Question: mapping of pin-state values
Will firmata's board.LOW always map to 0 and board.HIGH always map to 1?
If not, that explains why it exists as a constant on the board itself. If so, however, I would suggest it be exported as a separate constant. Something like (pardon my ES6 syntax):
const PIN_STATE = {
ON:1,
OFF:0,
HIGH:1,
LOW:0
}
I ask because I'm using TypeScript and I've adapted a Firmata.d.ts definition file to use in my project and my coworker wants to treat this situation as an enum, but I'm nervous about the possibility of some other board I don't know about switching these values at some point. Any insight is appreciated.

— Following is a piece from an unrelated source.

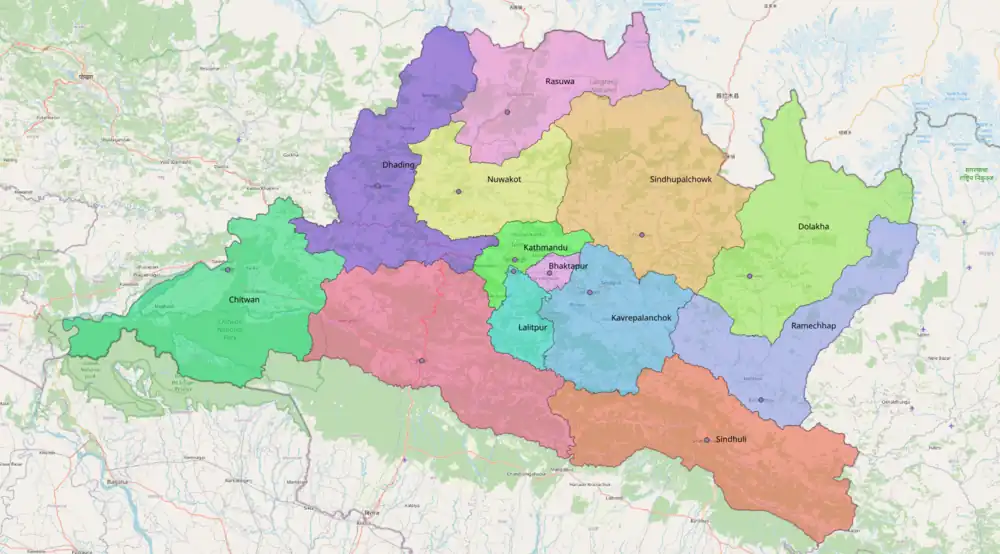 Nepal/Boundaries/Districts of Bagmati Pradesh

These would never be anything but:
HIGH = 1
LOW = 0
... But I wouldn't conflate those with "on" and "off" as you have. Consider cathod vs. anode:

The signals will be inverted, so: on = LOW and off = HIGH.

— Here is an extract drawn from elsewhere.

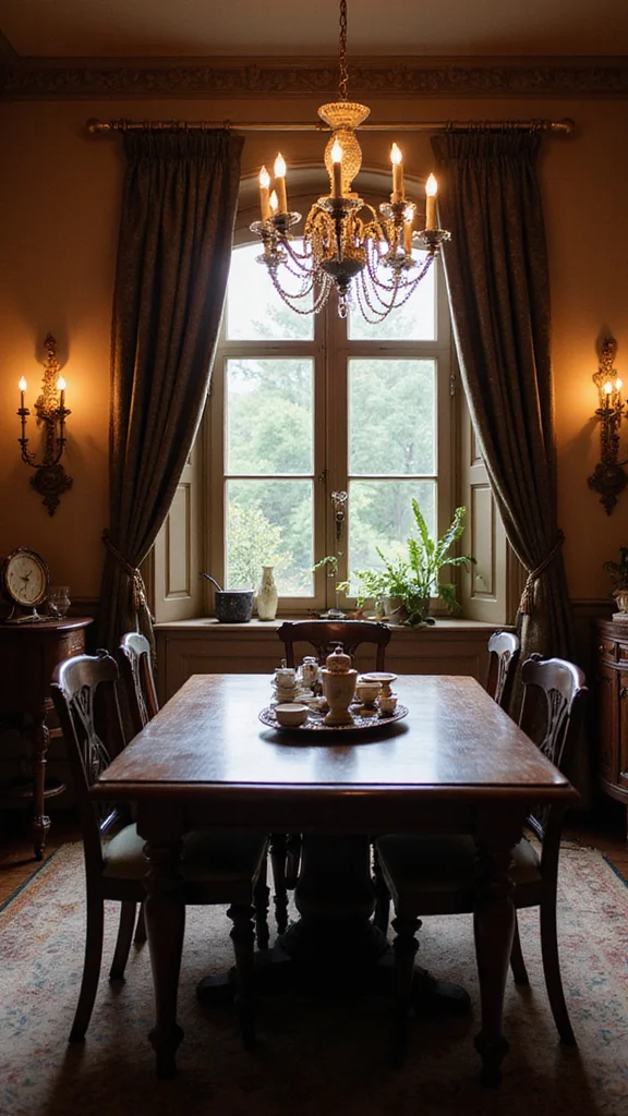 Embrace a vintage aesthetic by incorporating dark, rich colors reminiscent of classic styles. A mahogany table paired with antique chairs enhances the nostalgic vibe, inviting guests to enjoy the charm of the past. Vintage tableware and decor pieces, like chandeliers or glassware, add character to your dining space. This trend is popular for its storytelling qualities in home decor.

But back to the properties: there is no particular reason or benefit for them to exist on the instance, that's just how this was written back in 2011; now it amounts to a legacy design that remains in place to prevent breaking existing code. There's nothing particularly compelling about redefining them as class-side static properties, either. That would be a breaking change for no real benefit. We could define them as class-side properties and deprecate the instance properties (ie. redefine them in terms of descriptors that log a warning when accessed), but that might be too much nannying.
First of all, thank you for easing my concern. And for suggesting that ON/OFF not be set in stone.

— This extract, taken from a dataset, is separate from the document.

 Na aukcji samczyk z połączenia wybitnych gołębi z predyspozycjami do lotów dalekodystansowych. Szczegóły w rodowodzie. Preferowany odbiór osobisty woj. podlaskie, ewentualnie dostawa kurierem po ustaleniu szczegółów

It may be too much nannying, but my suggestion for the future of firmata.js in regards to this situation would be to:
- Store instance constants/constant-objects as actual constants (instead of static-class-constants) to encourage people to move in that direction and not accidentally edit their meaning (this would work well with TypeScripts way of importing, as well, because you can do
import { SOME_CONSTANT, SomeClass } from 'SomeModule'in TS - But also continue to tack on the constants to the instances themselves to support legacy code, or as you say, log a warning
Perhaps I'll take a stab at step (1) myself in the future. But feel free to close this if you feel appropriate because my question was answered. And thank you for that!